If 'formal debate' means that one mustn't mention about the MULTIPLE murderous foulness of Mr preseedent, who keeps the death penalty fat with planty sacrifical victims, then formal debate can go and %$£* itself. i want no part in it.
Encyclopaedia Britannica said:Supporters of the death penalty believe that those who commit murder, because they have taken the life of another, have forfeited their own right to life. Furthermore, they believe, capital punishment is a just form of retribution, expressing and reinforcing the moral indignation not only of the victim's relatives but of law-abiding citizens in general.
[...]
Supporters of capital punishment also claim that it has a uniquely potent deterrent effect on potentially violent offenders for whom the threat of imprisonment is not a sufficient restraint.
[..]
Those who support capital punishment believe that it is possible to fashion laws and procedures that ensure that only those who are really deserving of death are executed.

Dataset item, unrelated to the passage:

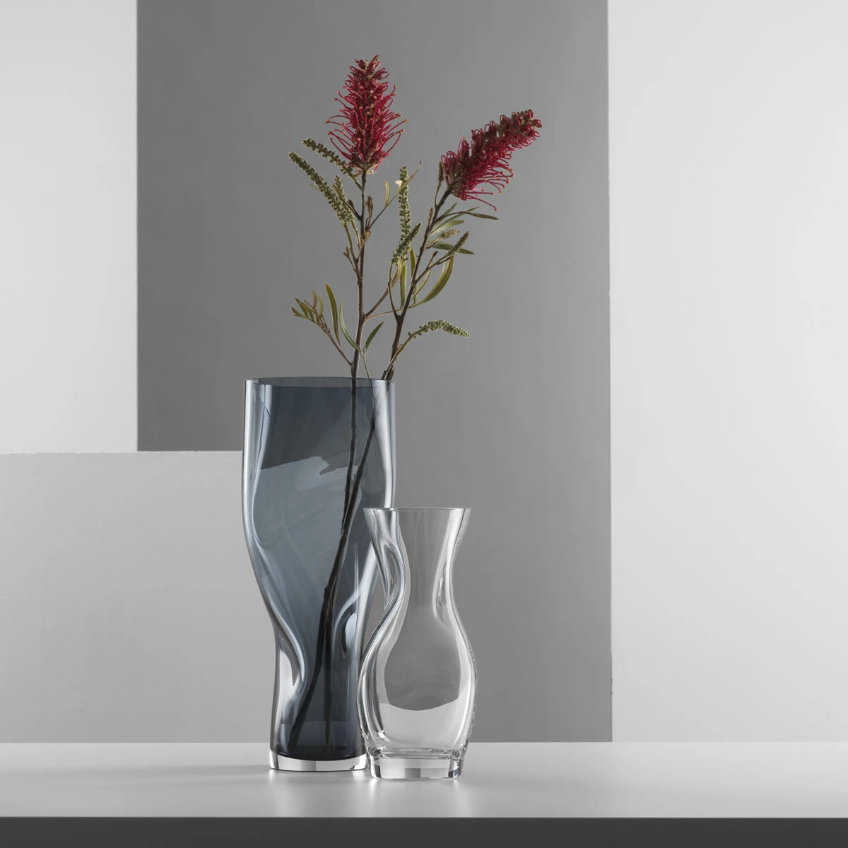 The billowy shape of Squeeze from Orrefors looks different from different angles, depending on its placement. After the vase is blown, and while still hot, it is squeezed together by hand in two places. These squeezes form a cross inside the vase, which holds the flowers in place, making the vase well-suited for a variety of bouquets. Designed by Lena Bergstrom. H: 13.39″ W: 5.71″ SE 211 Crystal Orrefors Kosta Boda Orrefors Kosta Boda 7321646065752 6562024 Tall Blue Vase 13.5″ Squeeze Orrefors

Capital punishment for murder, treason, arson, and rape was widely employed in ancient Greece under the laws of Draco (fl. 7th century BC), though Plato argued that it should be used only for the incorrigible. The Romans also used it for a wide range of offenses, though citizens were exempted for a short time during the republic. It also has been sanctioned at one time or another by most of the world's major religions.Followers of Judaism and Christianity, for example, have claimed to find justification for capital punishment in the Old Testament passage “Whosoever sheddeth man's blood, by man shall his blood be shed” (Genesis 9:6). Yet capital punishment has been prescribed for many crimes not involving loss of life, including adultery and blasphemy. The ancient legal principle Lex talionis (talion)—“an eye-for-an-eye, a tooth-for-a-tooth, a life-for-a-life”—which appears in the Babylonian Code of Hammurabi, was invoked in some societies to ensure that capital punishment was not disproportionately applied.
Asguard said:how can ANY risk of killing an inocent be concidered to be justifide? In a sociatly that values life how can we aford to take that risk? would you favor charging the judge who handed down a sentance of death to an inocent man with murder? how about the jury? or the prosicutor? After all that is what they have done, they have taken an inocent life in cold blood which is the definition of murder.
Spyke said:Since you asked. And I'll use your own words -
Wanting no part of it means staying out of it, not mucking up someone else's thread with your own propaganda. It's like an anti-abortion critic demanding equal time on the microphone at an anti-war rally. If you want to condemn Bush, there is the 'One Thread To Rule Them All' where you can rail to your heart's content about Iraq without ruining this thread.